During the second quarter of 2009, the Company reduced its total debt $33.2 million, to $113.0 million, compared to total debt at March 31, 2009. The reduction in debt was driven by $20.0 million in pro-rata payments to the Company's lenders, as required under the Company's amended debt agreements, and additional payments against the Company's revolving credit facility during the quarter. At June 30, 2009, the Company had $17.1 million of cash, as well as a revolving credit facility of $80 million, of which approximately $27 million was available.

Full-Year 2009 Sales and "Adjusted EBITDA" Guidance

As previously communicated in the Company's press release for its first-quarter 2009 financial results, full-year revenues are expected to range between $440 to $450 million, and Adjusted EBITDA (as calculated under the terms of the Company's amended debt agreements) to range between $43 to $51 million. The Company bases these annual estimates on a current expectation that consumer spending will modestly increase during 2009, CPGs, retail and corporate brands will increase the frequency of their product innovation and promotional activities in response to competitive pressure, and that the Company's cost reduction activities in 2008 and during 2009 are anticipated to lower the expense base of the Company.

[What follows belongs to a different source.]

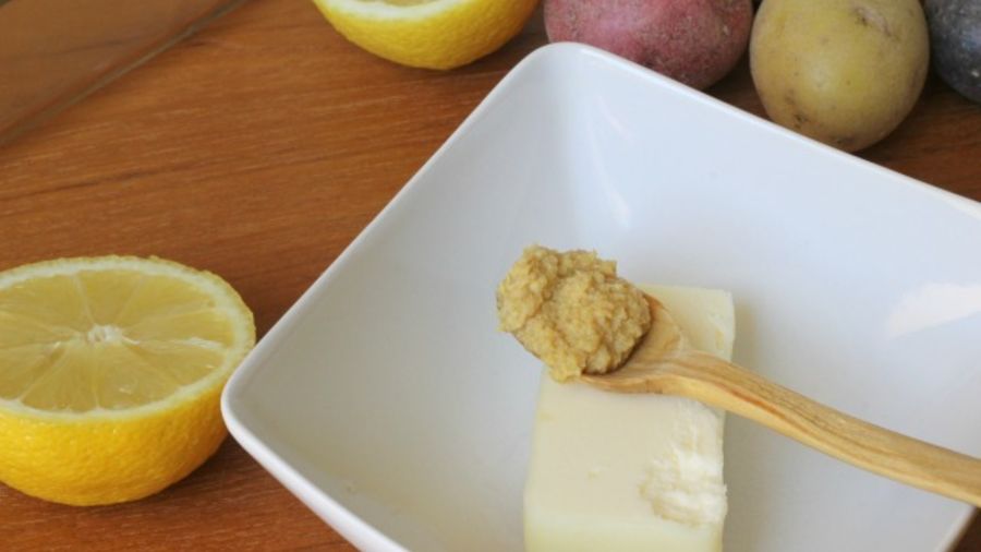 Derrite la mantequilla en el microondas y mézclala con el ajo machacado.

In the event that consumer confidence is more than modestly increased, the Company expects that its revenue and Adjusted EBITDA will exceed initial projections. In addition, the Company presently expects that current cash balances and anticipated cash flows from operations and other activities will be sufficient to fund debt service as well as debt reduction through the end of 2009 without hindering the Company's ability to focus on the services provided to its clients.

Management Comments

President and Chief Executive Officer David A. Schawk commented, "Second-quarter sales demonstrate that the economy continues to be challenging. However, on a sequential basis, second-quarter 2009 revenue increased nearly $7.0 million over the first quarter of this year. This revenue increase allowed us to further leverage our cost-reduction activities to improve our overall operating income.

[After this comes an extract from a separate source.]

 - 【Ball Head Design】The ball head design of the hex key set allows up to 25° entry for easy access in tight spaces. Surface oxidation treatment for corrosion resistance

"As such, we experienced substantial improvement in margins in the second quarter of 2009. Gross margin improved to 38.3 percent in the second quarter of 2009 from 35.1 percent in the same period of last year. Additionally, despite a nearly $21 million decline in revenue, second-quarter operating income was approximately $9.5 million compared to $5.3 million in the second quarter of 2008, reflecting the benefits of our cost-reduction activities as well as reduced expenses for restructuring and long-lived asset impairments. We are pleased that our cost reduction initiatives have made an important contribution to the improved financial profile of this Company, and we are comfortable that the reductions and initiatives we have undertaken have not impacted our ability to serve our clients, but rather, have prepared us to better serve our clients when the economy returns to growth.

"Compared to the prior year period, second-quarter 2009 revenue fell approximately 11 percent excluding the effects of foreign currency translation, as clients continued to curtail or delay spending. However, despite the volume declines, Schawk continues to maintain its portfolio of clients without any major losses during the year."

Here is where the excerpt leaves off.